但是你会发现，对比之前所说的ApplicationMaster应该实现的功能，LauncherAM 做得恁少了点，这是个疑问！ 我们在后续研究中会为大家揭开这个秘密。

0x4 Hive on Yarn

上文提到，runActionMain会根据配置调用具体的main函数。我们假设是hive action，则对应的是HiveMain。

Hive job的入口函数是在HIVE_MAIN_CLASS_NAME配置的。

public class HiveActionExecutor extends ScriptLanguageActionExecutor {
    private static final String HIVE_MAIN_CLASS_NAME = "org.apache.oozie.action.hadoop.HiveMain";

	  @Override
    public List<Class<?>> getLauncherClasses() {
        List<Class<?>> classes = new ArrayList<Class<?>>();
        classes.add(Class.forName(HIVE_MAIN_CLASS_NAME)); // 这里配置了 HiveMain
        return classes;
    }  
}

HiveMain后续调用如下

HiveMain.main ----> run ----> runHive ----> CliDriver.main(args);

最后调用 org.apache.hadoop.hive.cli.CliDriver 完成了hive操作，大致有：

设定参数；
如果有脚本，则设定脚本路径；
如果有之前的yarn child jobs，杀掉；
执行hive；
写log；

具体如下：

public class HiveMain extends LauncherMain {
    public static void main(String[] args) throws Exception {
        run(HiveMain.class,args);
    }
  
   @Override
    protected void run(String[] args) throws Exception {
        Configuration hiveConf = setUpHiveSite();
        List<String> arguments = new ArrayList<String>();

        String logFile = setUpHiveLog4J(hiveConf);
        arguments.add("--hiveconf");
        arguments.add("hive.log4j.file=" + new File(HIVE_L4J_PROPS).getAbsolutePath());
        arguments.add("--hiveconf");
        arguments.add("hive.exec.log4j.file=" + new File(HIVE_EXEC_L4J_PROPS).getAbsolutePath());

        //setting oozie workflow id as caller context id for hive
        String callerId = "oozie:" + System.getProperty(LauncherAM.OOZIE_JOB_ID);
        arguments.add("--hiveconf");
        arguments.add("hive.log.trace.id=" + callerId);

        String scriptPath = hiveConf.get(HiveActionExecutor.HIVE_SCRIPT);
        String query = hiveConf.get(HiveActionExecutor.HIVE_QUERY);
        if (scriptPath != null) {
            ......
            // print out current directory & its contents
            File localDir = new File("dummy").getAbsoluteFile().getParentFile();
            String[] files = localDir.list();

            // Prepare the Hive Script
            String script = readStringFromFile(scriptPath);
            arguments.add("-f");
            arguments.add(scriptPath);
        } else if (query != null) {
            String filename = createScriptFile(query);
            arguments.add("-f");
            arguments.add(filename);
        } 

        // Pass any parameters to Hive via arguments
        ......
        String[] hiveArgs = ActionUtils.getStrings(hiveConf,HiveActionExecutor.HIVE_ARGS);
        for (String hiveArg : hiveArgs) {
            arguments.add(hiveArg);
        }
        LauncherMain.killChildYarnJobs(hiveConf);

        try {
            runHive(arguments.toArray(new String[arguments.size()]));
        }
        finally {
            writeExternalChildIDs(logFile,HIVE_JOB_IDS_PATTERNS,"Hive");
        }
    }  
}

因此我们能看到，Oozie ApplicationMaster 在被Yarn调用之后，就是通过org.apache.hadoop.hive.cli.CliDriver 给Hive发送命令让其执行，没有什么再和ResourceManager / NodeManager 交互的过程，这真的很奇怪。
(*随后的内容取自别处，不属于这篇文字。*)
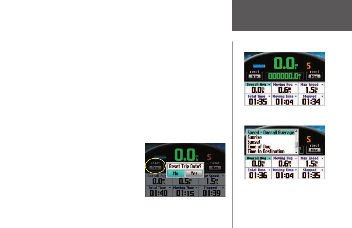 1. Use the rocker pad to select the ‘Trip’ or ‘Max’ buttons on the Trip Information page.

这个秘密要由下面的Tez来解答。

0x5 Tez计算框架

Tez是Apache开源的支持DAG作业的计算框架，它直接源于MapReduce框架，核心思想是将Map和Reduce两个操作进一步拆分，即Map被拆分成Input、Processor、Sort、Merge和Output， Reduce被拆分成Input、Shuffle、Sort、Merge、Processor和Output等，这样，这些分解后的元操作可以任意灵活组合，产生新的操作，这些操作经过一些控制程序组装后，可形成一个大的DAG作业。

Tez有以下特点：

Apache二级开源项目
运行在YARN之上
适用于DAG（有向图）应用（同Impala、Dremel和Drill一样，可用于替换Hive/Pig等）

可以看到，Tez也是和Yarn深度绑定的。

5.1 DAGAppMaster

首先我们就找到了Tez对应的Application Master，即Tez DAG Application Master。
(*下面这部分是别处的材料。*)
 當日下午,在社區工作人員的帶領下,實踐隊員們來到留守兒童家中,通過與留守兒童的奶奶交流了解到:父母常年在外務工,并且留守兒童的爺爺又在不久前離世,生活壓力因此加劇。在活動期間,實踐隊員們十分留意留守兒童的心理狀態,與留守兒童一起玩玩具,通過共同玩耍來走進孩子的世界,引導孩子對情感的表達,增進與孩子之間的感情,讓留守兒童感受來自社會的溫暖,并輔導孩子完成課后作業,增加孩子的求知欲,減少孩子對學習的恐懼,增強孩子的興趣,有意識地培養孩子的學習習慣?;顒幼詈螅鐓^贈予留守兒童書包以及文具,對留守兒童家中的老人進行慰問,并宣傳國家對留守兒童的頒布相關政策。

public class DAGAppMaster extends AbstractService {
  public String submitDAGToAppMaster(DAGPlan dagPlan,Map<String,LocalResource> additionalResources) throws TezException {
      startDAG(dagPlan,additionalResources);
    }
  }  
}

我们能看到提交Application Master代码。

public class TezYarnClient extends FrameworkClient {
  @Override
  public ApplicationId submitApplication(ApplicationSubmissionContext appSubmissionContext)
      throws YarnException,IOException,TezException {
   	ApplicationId appId= yarnClient.submitApplication(appSubmissionContext);
    ApplicationReport appReport = getApplicationReport(appId);
    return appId;
  }
}

这里是建立Application Master context 代码，设置了Application Maste类和Container。
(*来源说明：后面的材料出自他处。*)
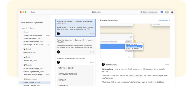For every version published, Zeplin keeps your team updated with automatic notifications in-app, emails, and messages in Slack or Teams.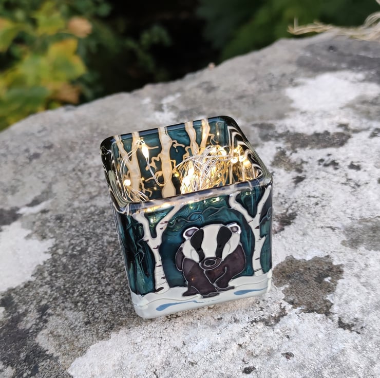 Hand painted glass candle holder, 5cm x 5cm, depicting a badger in the snow, in a birch wood under a moonlit winter night

  public static ApplicationSubmissionContext createApplicationSubmissionContext(
      ApplicationId appId,DAG dag,String amName,AMConfiguration amConfig,LocalResource> tezJarResources,Credentials sessionCreds,boolean tezLrsAsArchive,TezApiVersionInfo apiVersionInfo,ServicePluginsDescriptor servicePluginsDescriptor,JavaOptsChecker javaOptsChecker)
      throws IOException,YarnException {

    // Setup the command to run the AM
    List<String> vargs = new ArrayList<String>(8);
    vargs.add(Environment.JAVA_HOME.$() + "/bin/java");

    String amOpts = constructAMLaunchOpts(amConfig.getTezConfiguration(),capability);
    vargs.add(amOpts);

    // 这里设置了 Application Master
    vargs.add(TezConstants.TEZ_APPLICATION_MASTER_CLASS);

    // 这里设置了命令行参数 
    Vector<String> vargsFinal = new Vector<String>(8);
    // Final command
    StringBuilder mergedCommand = new StringBuilder();
    for (CharSequence str : vargs) {
      mergedCommand.append(str).append(" ");
    }
    vargsFinal.add(mergedCommand.toString());

    // 设置了container
    // Setup ContainerLaunchContext for AM container
    ContainerLaunchContext amContainer =
        ContainerLaunchContext.newInstance(amLocalResources,environment,vargsFinal,serviceData,securityTokens,acls);

    // Set up the ApplicationSubmissionContext
    ApplicationSubmissionContext appContext = Records
        .newRecord(ApplicationSubmissionContext.class);

    appContext.setAMContainerSpec(amContainer);

    return appContext;
}

5.2 与Resource Manager交互

这里只摘要部分代码，能看到Tez实现了与Yarn Resource Manager交互。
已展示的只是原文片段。